Present and Future Measurement in Rehabilitation
What do professionals and others working in clinical and administrative capacities need to know about measurement to be able to enhance practice?
I think talking about this topic is a good idea. I’m becoming more and more aware that knowing how to use and implement measures is a problem in our field. I make assumptions about what it is that people know about measurement that I’m learning are really not well founded.
Like what sorts of assumptions?
I assume that, if you give people the information, with well-designed and well-developed instruments, they’ll know what to do with it. And they don’t. We’ve developed a lot of instruments over the past 10 years and people are using them, but they’re losing interest because they don’t know what to do with the information that comes from them. This is a failure on our part. What I find is that most clinicians understand that if you give a patient something to fill out, and it generates some kind of score or report, you can use it with that patient to see how they are doing over time. That’s it. That’s the level of understanding they have because that’s how they are trained. They are not trained to use the data about what is happening with their patients for prognosis, for example, or for quality improvement or reimbursement. Those three applications of measurement are much less frequently employed.
Do you see the opposite? Do you see people using measures for things for which they are not designed?
All the time. For example, when you design instruments to help clinicians track outcomes, both at the individual level for prognosis, for quality improvement, or for reimbursement, they also want to be able to use those measures for care planning. And they’re not always designed for that.
I think I understand what you are saying, but what is an example of that?

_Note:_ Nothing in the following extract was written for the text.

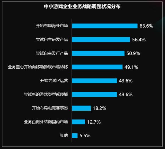 在近几年的发展流程中,依据游戏市场转变,中小游戏公司更趋向于多方面战略设计,不同战略紧密联系,当中63.6%的公司開始设计国外市场;超出50%的游戏公司试着独立开发和发售商品。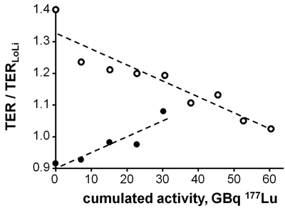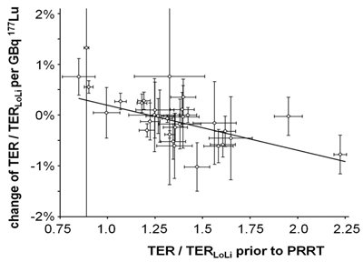 The time course of TER/TERLoLi was analyzed for each patient by comparing the MAG3 clearance data measured at baseline and after the last PRRT cycle and relating the change of TER/TERLoLi to the activities administered between both assessments of renal function. As explained above, data from the last PRRT cycle without later TER measurement were omitted from analysis.

Let’s take FIM. People like to use FIM to help them plan care. Well, it wasn’t designed for that. It is not specific enough for care planning. Similarly, our AM-PAC instrument is exquisitely designed for certain applications, but not for care planning. So you put it in the hands of clinicians who are untrained, and one of the common things that I hear back is that is not really very helpful to our clinicians in care planning. It just doesn’t give them the level of detail they want. On the other hand, if you ask a clinician, “Mrs. Jones comes in who has had a knee replacement and is coming in for outpatient therapy,” and you ask them, how much improvement will Mrs. Jones experience by the end of her therapy and how many visits will she require, both of which are classic prognostic questions, they look at you like you are from outer space, and they say something like, “In my experience,…” They rarely think to use aggregate data from outcome and utilization measures to empirically answer that question.
So how do we go from where we are to where we need to be in terms of generating prognoses?
Well, I think we have to train people: I believe they aren’t getting the training in their professional development programs. So then you have to do that in continuing professional education.
I think rehabilitation has been fairly progressive when it comes to outcome measurement. So using traditional ordinal measures is becoming increasingly recognized in the rehabilitation fields as measurement malpractice.
What would it look like? What sort of principles do you have to teach to make that use apparent?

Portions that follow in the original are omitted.